Get words and generate trigrams where sentiment is ‘negative’:

for text in train_set[train_set['Sentiment']=='negative']['Sentence']:
for word in generate_ngrams(text, 3):
negativeWords_tri[word]+=1
df_negative_tri = pd.DataFrame(sorted(negativeWords_tri.items(),key=lambda x:x[1],reverse=True))
df_negative_tri

Get words and generate trigrams where sentiment is ‘neutral’:

# # Creating neutral trigrams

for text in train_set[train_set['Sentiment']=='neutral']['Sentence']:
for word in generate_ngrams(text, 3):
neutralWords_tri[word]+=1
df_neutral_tri = pd.DataFrame(sorted(neutralWords_tri.items(),key=lambda x:x[1],reverse=True))
df_neutral_tri

Visualizing:

x_positive_tri = df_positive_tri[0][:10]
y_positive_tri = df_positive_tri[1][:10]

x_negative_tri = df_negative_tri[0][:10]
y_negative_tri = df_negative_tri[1][:10]

x_neutral_tri = df_neutral_tri[0][:10]
y_neutral_tri = df_neutral_tri[1][:10]


fig, ax = plt.subplots(3, 1, figsize=(12, 8), layout='tight', dpi=110)

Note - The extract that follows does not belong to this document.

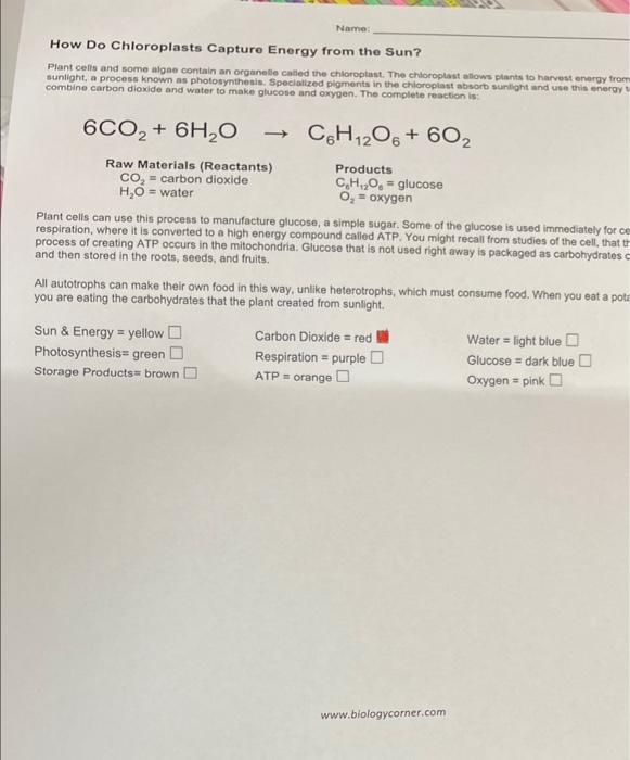 How do chloroplasts capture energy from the sun coloring worksheet answers

ax[0].bar(x_positive_tri, y_positive_tri, color='g', width= 0.6)
ax[0].set_title('Top 10 words with positive sentiment(Trigrams)')
ax[0].set_xlabel('Words in the positive df')
ax[0].set_ylabel('Count')

ax[1].bar(x_negative_tri, y_negative_tri, color='r', width= 0.6)
ax[1].set_title('Top 10 words with negative sentiment(Trigrams)')
ax[1].set_xlabel('Words in the negative df')
ax[1].set_ylabel('Count')

ax[2].bar(x_neutral_tri, y_neutral_tri, color='gray', width= 0.6)
ax[2].set_title('Top 10 words with neutral sentiment(Trigrams)')
ax[2].set_xlabel('Words in the neutral df')
ax[2].set_ylabel('Count')
Trigrams counts.

Final Thoughts

In this article, we have learned the following:

  • What are n-grams?
  • Classification and example of unigrams, bigrams, and trigrams.
  • Implementing any size of n-grams with the nltk Python library from a dataset.
  • Preprocessing data or text to effectively generate n-grams is a crucial step in performing NLP tasks using n-grams.
  • How to visualize the n-grams and get their counts based on sentiments.

Generally, n-grams where n > 1 perform best as they carry more information about the context in general.